= EXERCISE DIRECTIONS =
No pictures belong in the copy, but every line of the material below must be reproduced exactly.
[AVAILABLE DATA]
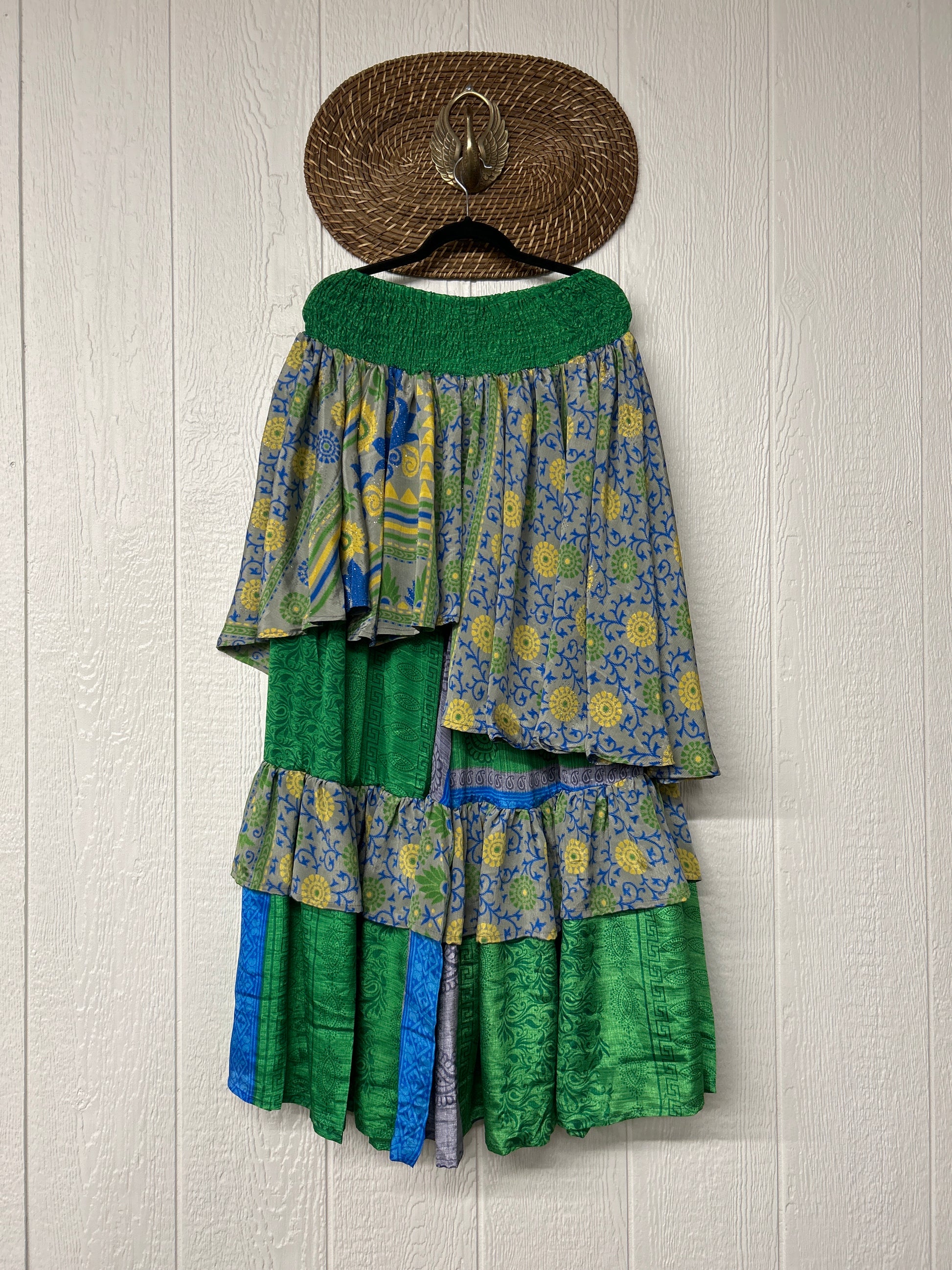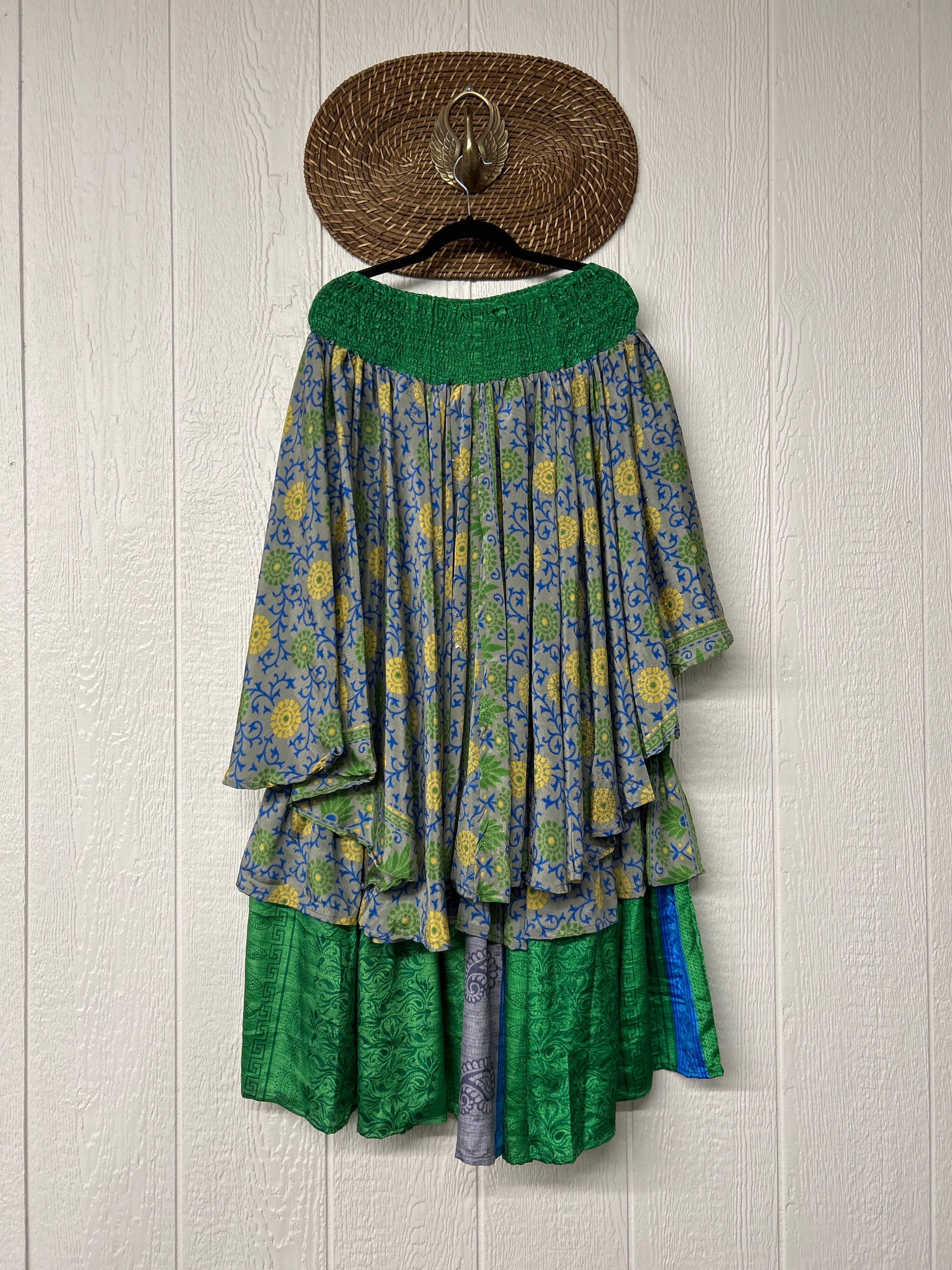 Crafted from vintage rasgulla sari these ethereal pants features stretchy waist, super wide legs, double tier hem and a skirt layer. these pants will make you want to dance! One size, recommended up to size 22/24 Crafted and sewn by families in a small village in Northern India providing work and a fair living. This product should be hand washed and line dried for longest life. For softness, fluff in the dryer on low heat after it has dried from hand washing. Disclosure: Our vintage styles have lived a full life before becoming the designs in our shop. Fabrics may have small threads or holes in the layers. Color inconsistency or small stains may be present. The saris are sewn together and extend the life of each design. Imperfections should be celebrated.
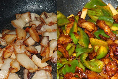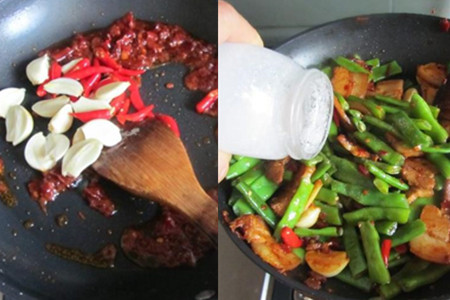 五花肉漂洗干净,下沸水焯煮至八成熟,水中加入适量花椒、姜片和料酒可以去除腥味。水中加少许食盐和油能够使得豆子颜色不变,豆子要煮久一点,吃了没有全熟的是会中毒的。炒菜时先煸炒豆瓣酱,煸出红油后加入辣椒和蒜瓣一起煸炒。锅中的调料都炒出香味后,再放入五花肉片一起炒,炒至表面微微焦黄菜加入四季豆。
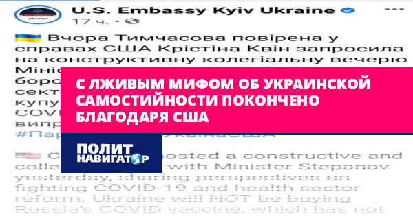 Минувшие выходные можно считать датой развенчания лживого мифа о «самостийной» Украине – причем, произошло это благодаря США, чье посольство открыто опубликовало запрет для официального Киева закупать российскую вакцину от коронавируса.
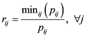 Step 8: Normalize the performance values. The performance values should be transformed into dimensionless units and the criteria compared to each other. According to the same authors, the following normalization formula has been applied:
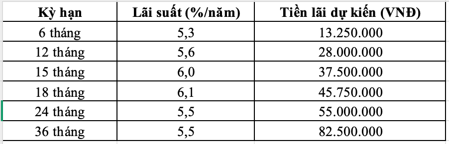 Thus, with a term of 36 months, the interest you receive is up to 82.5 million VND.
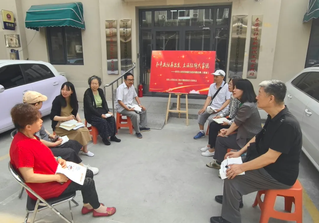 “和平夜話再出發(fā),立法征詢大家說(shuō)”,天津小白樓街道基層立法聯(lián)系點(diǎn)到社區(qū)征集對(duì)生態(tài)環(huán)境法典(草案)的意見(jiàn)。(全國(guó)人大常委會(huì)法工委供圖)
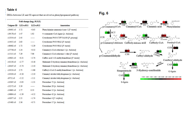 a)LE品種內(nèi)果皮破裂與發(fā)育不全是一個(gè)非常復(fù)雜的表型,與眾多的代謝通路相關(guān),但類苯基丙烷相關(guān)通路是眾多代謝通路中已經(jīng)證實(shí)的非常重要的一個(gè)。該項(xiàng)目中對(duì)兩個(gè)品種在兩個(gè)時(shí)間點(diǎn)的差異表達(dá)基因的KEGG富集分析結(jié)果也證實(shí)了上述事實(shí),所以差異基因顯著富集于類苯基丙烷代謝、合成等通路。類苯基丙烷相關(guān)通路相關(guān)差異表達(dá)基因見列表4與圖6。
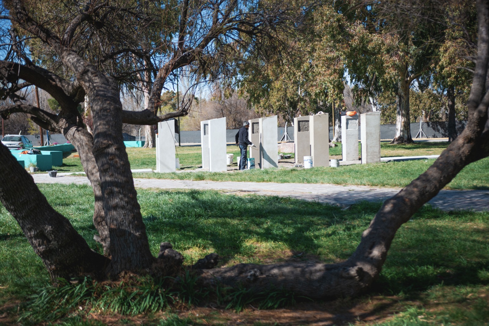 Añadió que “por tal motivo, se está embelleciendo y reacondicionando ese sector con la pintura de los muretes y la construcción e instalación de bancos para la plaza, íntegramente construidos por el personal de la Secretaría de Obras y Servicios Públicos”.
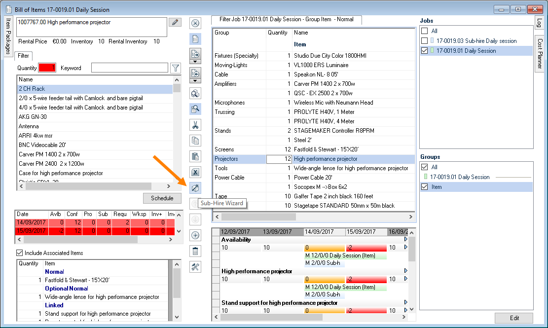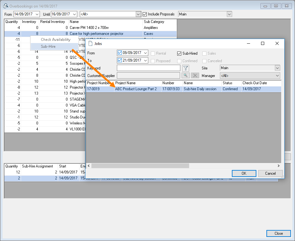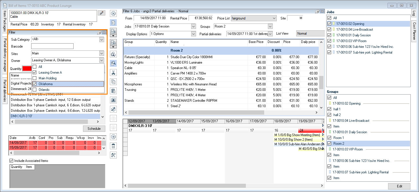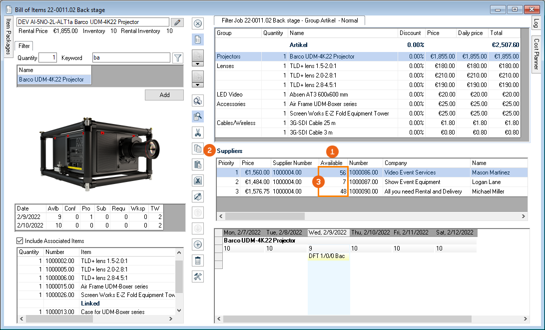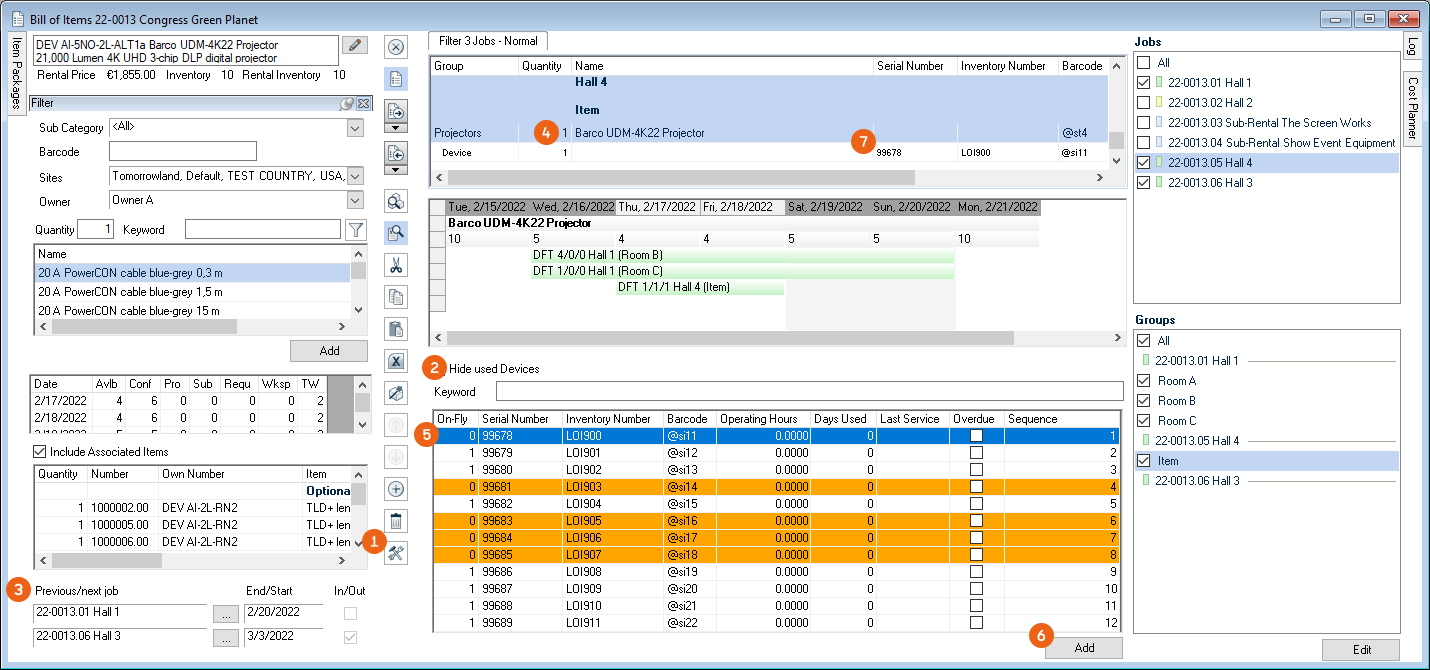 The event filter makes it possible to more efficiently make staff arrangements for multiple projects of an event.
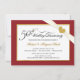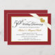 Create your own personalised 50th Wedding Anniversary Party Invitations -- Beautiful rich apple red border with [printed] white ribbon and golden gemstone bling heart. Classic engraved-look typography with fancy vintage style swash script lettering -- Elegant, affordable luxury, and uniquely customised for you! Just add the names, date, and details for your special milestone anniversary celebration. **NOTE: All elements of this design are part of the PRINTED image -- the ribbon, jewelled brooch, and frame are NOT raised, embossed, or presented as real embellishments. Sized for small invitation cards. Click "Customise It" to change the size, paper options, or font choices. Other sizes and styles available in gallery. © Teri Francis. Coordinating sets with matching postage and thank you cards available upon request.
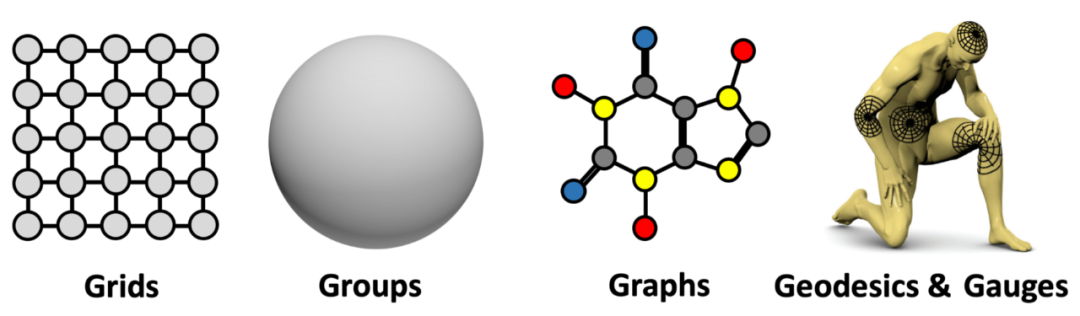 这是一种非常通用的设计,可以应用于不同类型的几何结构,包括几何深度学习的“ 5G”(Grid,Groups,Graphs,Geodesics & Gauges):网格(具有全局转换群的齐次空间),图形(以及特殊情况下的集合)和流形,几何先验通过全局等距不变性表示(可以使用测地学表示) 和局部规范的对称性。
[/AVAILABLE DATA]
= RESULT OF THE TASK =
 Crafted from vintage rasgulla sari these ethereal pants features stretchy waist, super wide legs, double tier hem and a skirt layer. these pants will make you want to dance! One size, recommended up to size 22/24 Crafted and sewn by families in a small village in Northern India providing work and a fair living. This product should be hand washed and line dried for longest life. For softness, fluff in the dryer on low heat after it has dried from hand washing. Disclosure: Our vintage styles have lived a full life before becoming the designs in our shop. Fabrics may have small threads or holes in the layers. Color inconsistency or small stains may be present. The saris are sewn together and extend the life of each design. Imperfections should be celebrated.
 五花肉漂洗干净,下沸水焯煮至八成熟,水中加入适量花椒、姜片和料酒可以去除腥味。水中加少许食盐和油能够使得豆子颜色不变,豆子要煮久一点,吃了没有全熟的是会中毒的。炒菜时先煸炒豆瓣酱,煸出红油后加入辣椒和蒜瓣一起煸炒。锅中的调料都炒出香味后,再放入五花肉片一起炒,炒至表面微微焦黄菜加入四季豆。
 Минувшие выходные можно считать датой развенчания лживого мифа о «самостийной» Украине – причем, произошло это благодаря США, чье посольство открыто опубликовало запрет для официального Киева закупать российскую вакцину от коронавируса.
 Step 8: Normalize the performance values. The performance values should be transformed into dimensionless units and the criteria compared to each other. According to the same authors, the following normalization formula has been applied:
 Thus, with a term of 36 months, the interest you receive is up to 82.5 million VND.
 “和平夜話再出發(fā),立法征詢大家說(shuō)”,天津小白樓街道基層立法聯(lián)系點(diǎn)到社區(qū)征集對(duì)生態(tài)環(huán)境法典(草案)的意見(jiàn)。(全國(guó)人大常委會(huì)法工委供圖)
 a)LE品種內(nèi)果皮破裂與發(fā)育不全是一個(gè)非常復(fù)雜的表型,與眾多的代謝通路相關(guān),但類苯基丙烷相關(guān)通路是眾多代謝通路中已經(jīng)證實(shí)的非常重要的一個(gè)。該項(xiàng)目中對(duì)兩個(gè)品種在兩個(gè)時(shí)間點(diǎn)的差異表達(dá)基因的KEGG富集分析結(jié)果也證實(shí)了上述事實(shí),所以差異基因顯著富集于類苯基丙烷代謝、合成等通路。類苯基丙烷相關(guān)通路相關(guān)差異表達(dá)基因見列表4與圖6。
 Añadió que “por tal motivo, se está embelleciendo y reacondicionando ese sector con la pintura de los muretes y la construcción e instalación de bancos para la plaza, íntegramente construidos por el personal de la Secretaría de Obras y Servicios Públicos”.
 The event filter makes it possible to more efficiently make staff arrangements for multiple projects of an event.
 Create your own personalised 50th Wedding Anniversary Party Invitations -- Beautiful rich apple red border with [printed] white ribbon and golden gemstone bling heart. Classic engraved-look typography with fancy vintage style swash script lettering -- Elegant, affordable luxury, and uniquely customised for you! Just add the names, date, and details for your special milestone anniversary celebration. **NOTE: All elements of this design are part of the PRINTED image -- the ribbon, jewelled brooch, and frame are NOT raised, embossed, or presented as real embellishments. Sized for small invitation cards. Click "Customise It" to change the size, paper options, or font choices. Other sizes and styles available in gallery. © Teri Francis. Coordinating sets with matching postage and thank you cards available upon request.
 这是一种非常通用的设计,可以应用于不同类型的几何结构,包括几何深度学习的“ 5G”(Grid,Groups,Graphs,Geodesics & Gauges):网格(具有全局转换群的齐次空间),图形(以及特殊情况下的集合)和流形,几何先验通过全局等距不变性表示(可以使用测地学表示) 和局部规范的对称性。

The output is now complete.